Brian Candler wrote:
> On Fri, May 25, 2007 at 11:25:09PM +0900, Hans Fugal wrote:
>>     # productions
>>     expr: term              {. expr0  = term  .}
>>         (   '+'  term       {. expr0 += term3 .}
>>           | '-'  term       {. expr0 -= term4 .}
>>         )*
>>         ;
>>
>>     term: fact              {. term0  = fact1 .}
>>         (   '*' fact        {. term0 *= fact2 .}
>>           | '/' fact        {. term0 /= fact3 .}
>>         )*
>>         ;
>>
>>     fact: ['+'] const       {. fact0 =  const1.to_f .}
>>         |  '-'  const       {. fact0 = -const2.to_f .}
>>         |  '(' expr ')'     {. fact0 =  expr1 .}
>>         ;
>>
>>     # terminals
>>     const: /\d+[\.\d+]/ = '0';
> 
> I imagine it should be
> const: /\d+(\.\d+)?/

Yes, of course. Sorry.

> 
>> It's easy 
>> enough if you have all of the input, or "a lot" which is reasonably 
>> expected to be longer than any token, or if you can count on tokens not 
>> crossing a guard (such as a newline), but in general you need to do 
>> partial matching.
> 
> All your tokens above are one character, so a one character lookahead is
> fine, apart from 'const'

My example is not meant to be pathological. It's not hard to imagine a 
set of terminal regexes where you need much more than one-character 
lookahead.

> 
> If you read your input in 4096 byte blocks, reading a new block when your
> buffer is less than 4096 bytes full, then you'll have somewhere between 4K
> and 8K of lookahead. You'd do that for efficiency anyway, I'd hope.
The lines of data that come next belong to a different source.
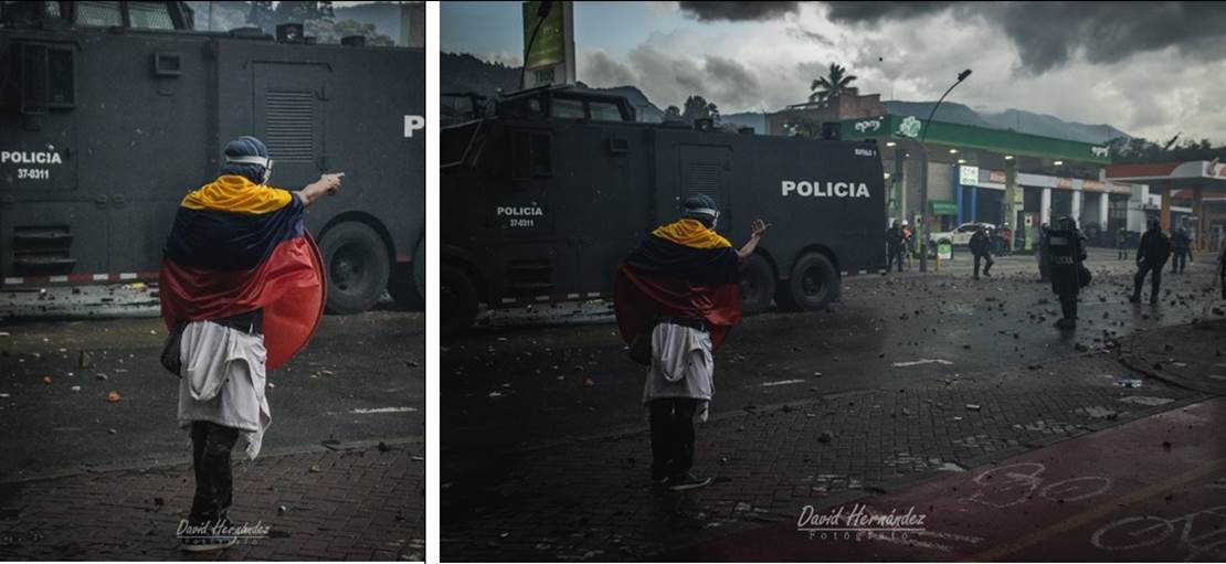La secuencia tomada en Medellín por el fotógrafo David Hernández Ospina (3 de junio 2021) expresa este nuevo tipo de manifestación de los agentes. Georges Didi-Huberman (2020, p. 410) nos recuerda que en la manifestación aparece el gesto, las manos, los brazos extendidos: el cuerpo entero. ¿Qué es entonces lo que se manifiesta en esta secuencia?
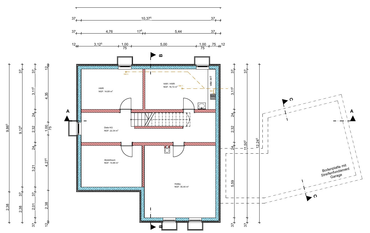 Wir haben aber den Grundriss der Garage sowie die Lage von Haus und Garage zueinander nochmal geändert.
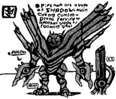 SHADOW-Insect Beast Chain 影昆虫獣チェーン is a centipede-like member of SHADOW's Inner-Circle, Lord-Destruction's personal minions and works with Kaizu on missions sometimes. He's normally calm, but he has a hunger for battle and is often first in a fight with his 14 venom-tipped, clawed legs and attacks with blinding speed like a living chainsaw, hence his name Chain.
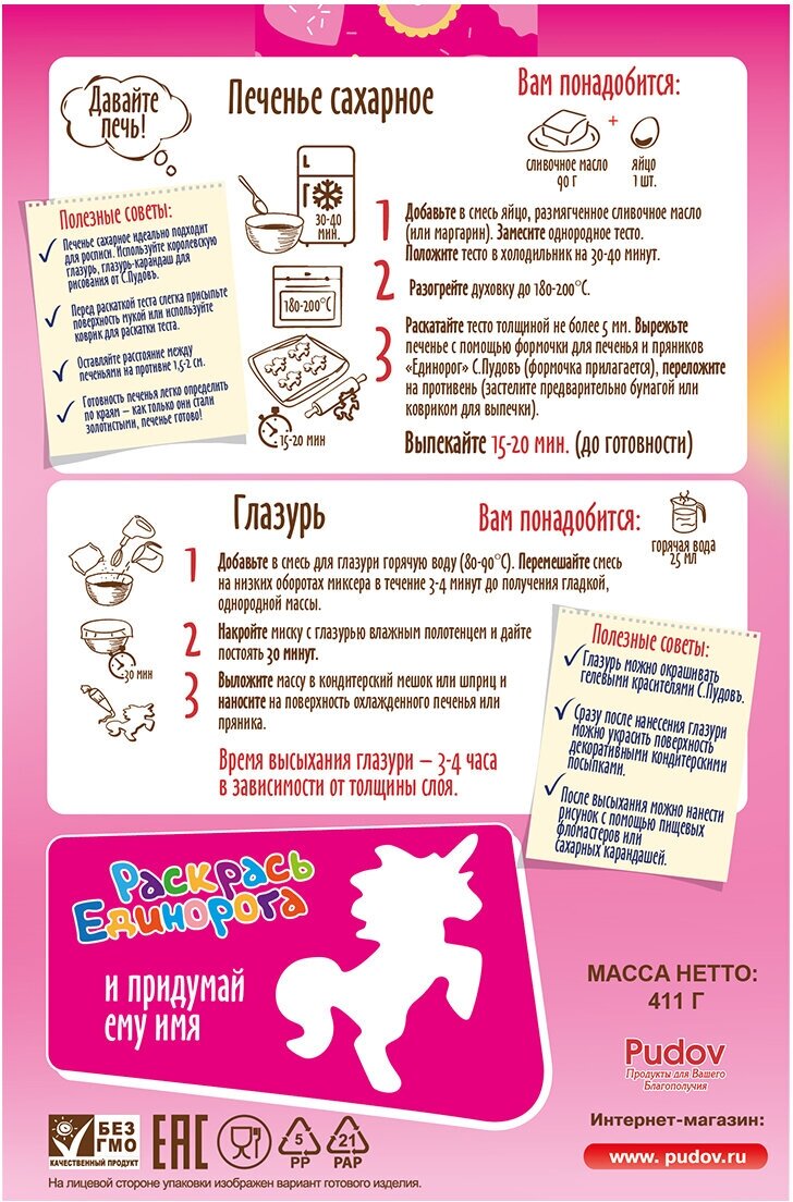 Набор для выпечки «Единорог» С. Пудовъ, 411 г (смесь, глазурь, формочка) интересное:

When was the last time you typed 4k faster than the computer could 
process it? The biggest reason for stream parsing is when there's a 
human on the other end. In practice, you usually wouldn't have trouble 
assuming newline is never part of a token, because you wouldn't get 
stdin except after the user presses enter. But that's not entirely a 
guarantee, and there can be other situations (like a network stream) 
where that might not be the case.

> 
> So this leaves the case of any terminal regexps which might be required to
> match more than 4K of data as a single token. If you're parsing a language
> like that, then I'd agree that having partial matching makes your code a bit
> simpler. But otherwise, you can write your regexp to match partially:
> 
>   const: /\d+(\.(\d+)?)?/
> 
> and if a partial match is detected, keep eating more input as necessary.
> 

Easy enough in a hand-written lexer, but I wouldn't want to ask users of 
a parser generator to have to provide partial-match regexes. And parsing 
regexes to discover a partial match regex is not an easy task.